Выпадаю из здания в настолько взъерошенных чувствах, что бессильно приваливаюсь к стволу пальмы. Эта часть комплекса Университета построена в джунглях весьма аккуратно, сохранилась растительность, её девственность нарушают только четырёхэтажные корпуса да вымощенные плиткой дорожки.
Жара запредельная, даже в тени. Но уже привыкаю.
Тот лётчик жил в США, когда боши оккупировали север Франции, мог кропать статейки для журналов и чувствовать себя при деле. Но что-то не позволило ему выбрать лёгкий путь, когда Эйфелеву башню венчает свастика. Он выложился до конца, истаял как свеча и угас.
А я?
Мелькнула шальная мысль вызвать Григория и спросить совета. Отсюда — хоть Лаврентия Палыча. Но безопасники сразу схватят меня за штаны. И так я в их глазах — подозрительный тип, дальше некуда. Стоп! А один совет Григорий мне дал. Быть чем-то вроде Штирлица, только шлак какой-то нужен…
Сползаю по стволу, обдирая спину о кору, обхватываю голову руками. Здесь, в отрыве от Интернета, «Семнадцать мгновений весны» не скачаешь. Разве что у покойного автора спросить… Не то! Опять привлеку внимание. Только сам. Думать! Сосредоточиться! Вспоминать!
Чистка сосудов во время ремонта благотворно влияет на память. Советский шпионский сериал про нашего в логове нацистов я смотрел в глубокой юности. Штирлиц больше известен как персонаж плоских анекдотов. Кто там ещё? «Русская пианистка сидела под колпаком у Мюллера»… Какой редкостный бред, если вырвать из контекста! Ага, Штирлиц потерял связь и послал некого шлака её налаживать.
Остальное не важно. Гриша завещал: и в отрыве от Ясенево нужно работать, постепенно искать контакт. Легко сказать… Если ещё в Банги был какой-то шанс, сразу через реку начинается другое государство, здесь мы очень плотно под колпаком. Мобильная связь только местная, сеть тоже локальная, выход в мировую паутину доступен по утверждаемым Безопасностью запросам.

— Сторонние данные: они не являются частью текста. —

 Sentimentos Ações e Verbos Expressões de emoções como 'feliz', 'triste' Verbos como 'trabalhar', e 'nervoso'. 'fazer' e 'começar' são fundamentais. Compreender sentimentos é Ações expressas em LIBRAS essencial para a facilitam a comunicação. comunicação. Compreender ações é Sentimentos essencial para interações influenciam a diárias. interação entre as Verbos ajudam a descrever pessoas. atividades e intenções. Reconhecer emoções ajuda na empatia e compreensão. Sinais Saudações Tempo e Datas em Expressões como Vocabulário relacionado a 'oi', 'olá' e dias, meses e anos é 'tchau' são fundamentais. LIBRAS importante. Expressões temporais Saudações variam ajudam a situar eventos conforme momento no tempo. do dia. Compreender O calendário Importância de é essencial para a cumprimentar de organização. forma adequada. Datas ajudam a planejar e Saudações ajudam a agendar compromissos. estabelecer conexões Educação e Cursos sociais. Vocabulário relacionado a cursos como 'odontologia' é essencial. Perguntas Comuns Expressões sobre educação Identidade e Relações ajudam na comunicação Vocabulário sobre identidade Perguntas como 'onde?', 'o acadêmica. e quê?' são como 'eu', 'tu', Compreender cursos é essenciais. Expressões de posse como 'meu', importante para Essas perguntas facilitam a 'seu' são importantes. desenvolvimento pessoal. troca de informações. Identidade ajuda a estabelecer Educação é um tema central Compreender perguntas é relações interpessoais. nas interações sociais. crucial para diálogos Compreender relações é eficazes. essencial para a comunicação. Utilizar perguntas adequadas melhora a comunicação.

Я уведомил жену и сколковское начальство о зачислении на работу в Корпорацию, заполнив форму и выбрав из предложенных трёх десятков вариантов текста, исключая вариации. Некоторые фразы составлял какой-то хохмач: «Прости, дорогая, буду скучать по тебе вечно». Или: «Простите, босс, здесь зарплата выше». Самому ввести сопроводительный текст не получается, вдруг тайным словосочетанием или смайликом пропихну наружу оч-чень важную секретную информацию. При том, что внедрённый в Корпорацию оперативник ЦРУ спокойно слетал в Банги и вывез Григория в Израиль. Нет, местная политика безопасности выше моего понимания.

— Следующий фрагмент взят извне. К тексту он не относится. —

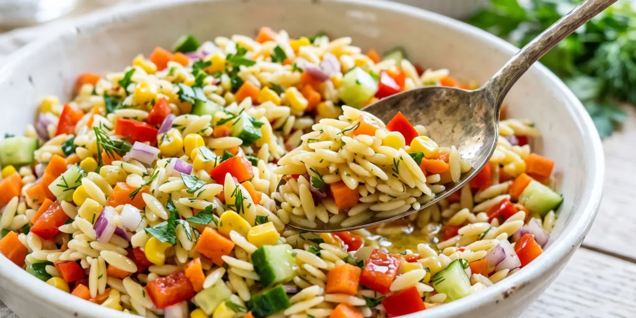 4. Pour the dressing over the orzo salad and toss to coat evenly.

Мейлы жене и на работу приравниваются к рапорту в СВР: внедрение состоялось. По идее, на этом этапе полагается получить дальнейшее задание. Например, спереть и притащить в Москву один терминал для общения с усопшими. Или пусковую установку ракет. Но если не зубоскалить и смотреть правде в глаза, засланец Родины начисто отрезан от заславших, скорее всего — надолго. То есть задание надлежит придумать себе самому.

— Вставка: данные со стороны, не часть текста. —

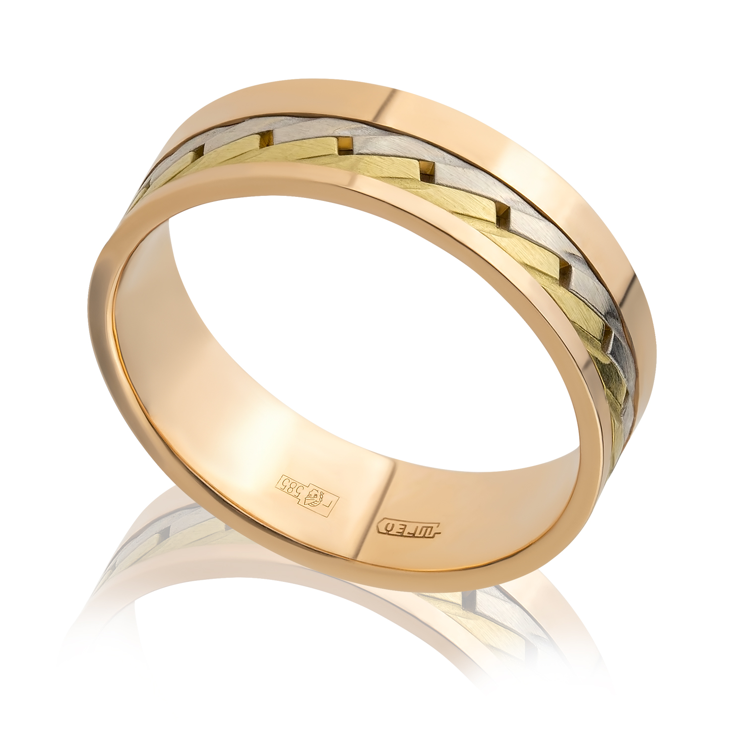 Обручальное кольцо ручной работы, сборное, из красного, белого и лимонного золота 585 пробы. Ширина кольца 6 мм.

Но какое? И главное — из каких интересов исходящее? Отвечающее текущим потребностям СВР и России, за что Фёдору свет Степановичу опустят долгожданную генеральскую звезду на погон? Или нашей стране в перспективе, учитывая, что никто толком не представляет, что у неё за перспектива?
Что вообще меня связывает с Россией, кроме детских воспоминаний и крепкой, для многих вполне самодостаточной констатации «я — русский»? Олюшка, самое светлое, что сохранилось с московской жизни, всплывает в памяти репликой, произносимой прямо на пороге квартиры, когда возвращался с работы: «Папа, почему ты маму не любишь?» А, вот ещё детские перлы: «Почему ты маме так мало денег даёшь? Тратишь на другую тётю?» Ребёнок не виноват, конечно. Представляю, что она выслушивает обо мне от дуэта благоверная плюс мамадорогая. Дочь не тянется ко мне, наоборот. Остаётся надежда, что когда-нибудь повзрослеет, захочет сама разобраться… Ню-ню.
Очень хочется закурить. Доктор-ремонтник отвинтил у меня физиологическую привычку к курению. Более того, никотиновый дым вызовет дискомфорт. Но не забыть сладости первой затяжки, после ночи или долгого перерыва, успокоения, словно совершил некий ритуал… Ровно также не хватает спиртного. Нужно порой оборачивать эмоции в мягкую вату опьянения, чтобы не терзали изнутри.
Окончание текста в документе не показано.